Born in New York City, he was the son of English-born theatrical producer Henry Miller and Bijou Heron, a former child actress. Raised and educated in Europe, he returned home to follow in his father's footsteps and became a highly successful Broadway producer. Miller served as director of the League of New York Theatres as well as an officer of the Actors Fund. He brought the successful German-language play By Candlelight to New York in 1929 with a translation by P. G. Wodehouse. He also managed the St James's Theatre in London.

Nominated three times, Gilbert Miller won the Tony Award for Best Play in 1950 for his production of The Cocktail Party. In 1965, he was given a Special Tony Award "for having produced 88 plays and musicals and for his perseverance which has helped to keep New York and theatre alive."

Gilbert Miller died in 1969 and was interred in the Woodlawn Cemetery in The Bronx, New York.

== Private life ==
Miller's first wife was Jessie F. Glendinning, whom he divorced.

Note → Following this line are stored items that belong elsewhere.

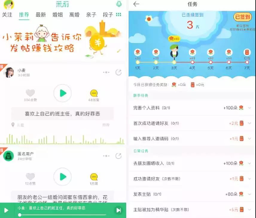 茉莉社区也尝试过趣头条的获客模式,靠着红包激励,带来了用户的短期快速增长。而一旦停止了红包补贴,这些人也潮水般退去。如何满足他们在红包之外的需求,一直是创业者们在苦苦探寻的方向。
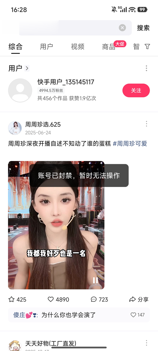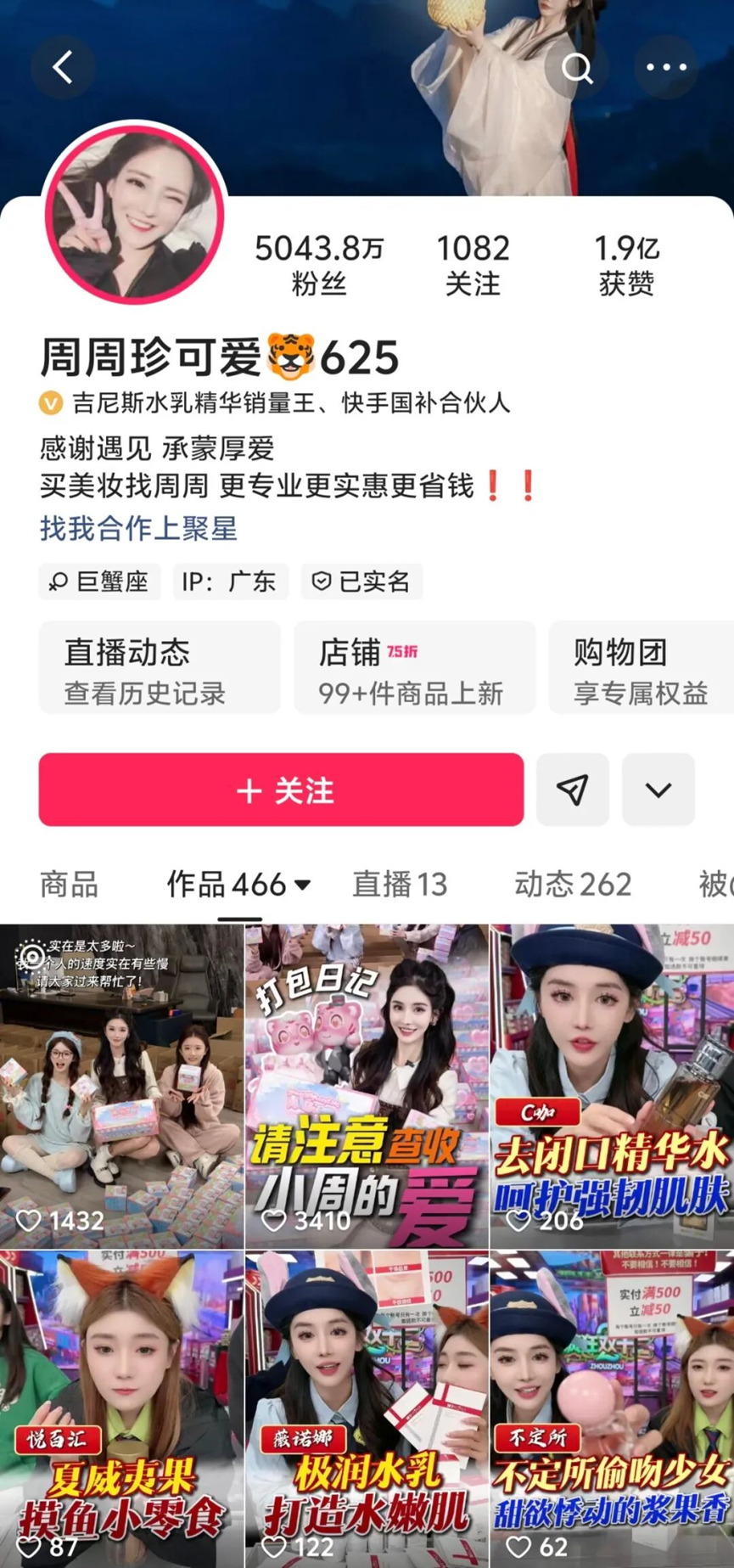 比方说在快手拥有5000万粉丝的网红“周周珍可爱625”(本名周珍,下称周珍),她是平台头部美妆博主,被称为美妆领域的“领军人物”,曾被“湖南省娄底市助农公益大使”。就是这么一个满身光环的大网红,前段时间被曝出了违法行径。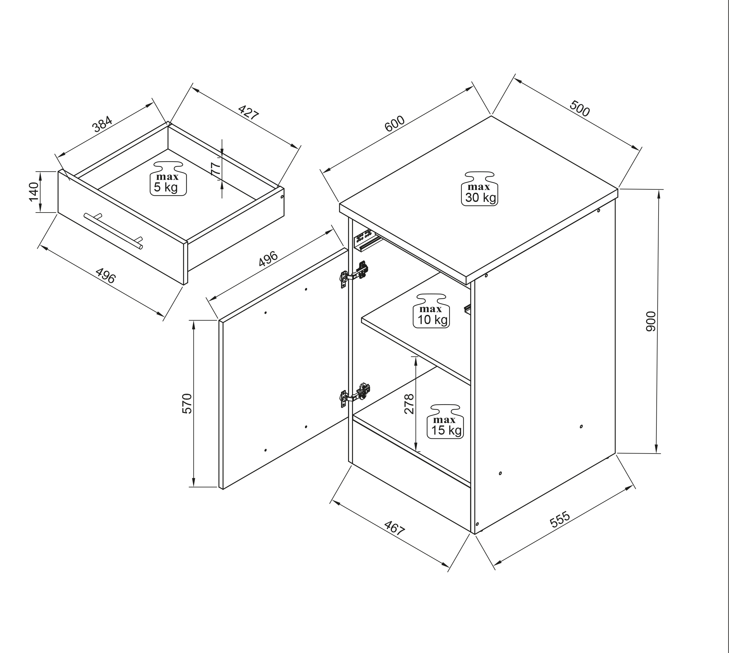 | Dimensions : | L/H/P env. 50/90/60 cm | ||

She was an actress and the daughter of the actor John Glendinning, and the sister of Ernest Glendinning. They had one daughter, Dorothy.

His second wife was Mary Margaret Allen; they divorced.

His third wife was Kathryn (Kitty) Bache (1896–1979), a daughter of the Wall Street financier Jules Bache, a supporter of American theatre who in 1941 helped found the New York branch of the Escholier Club. They married in 1927 in Paris, France. Columbia University's Kathryn Bache Miller Theatre was named in her honor.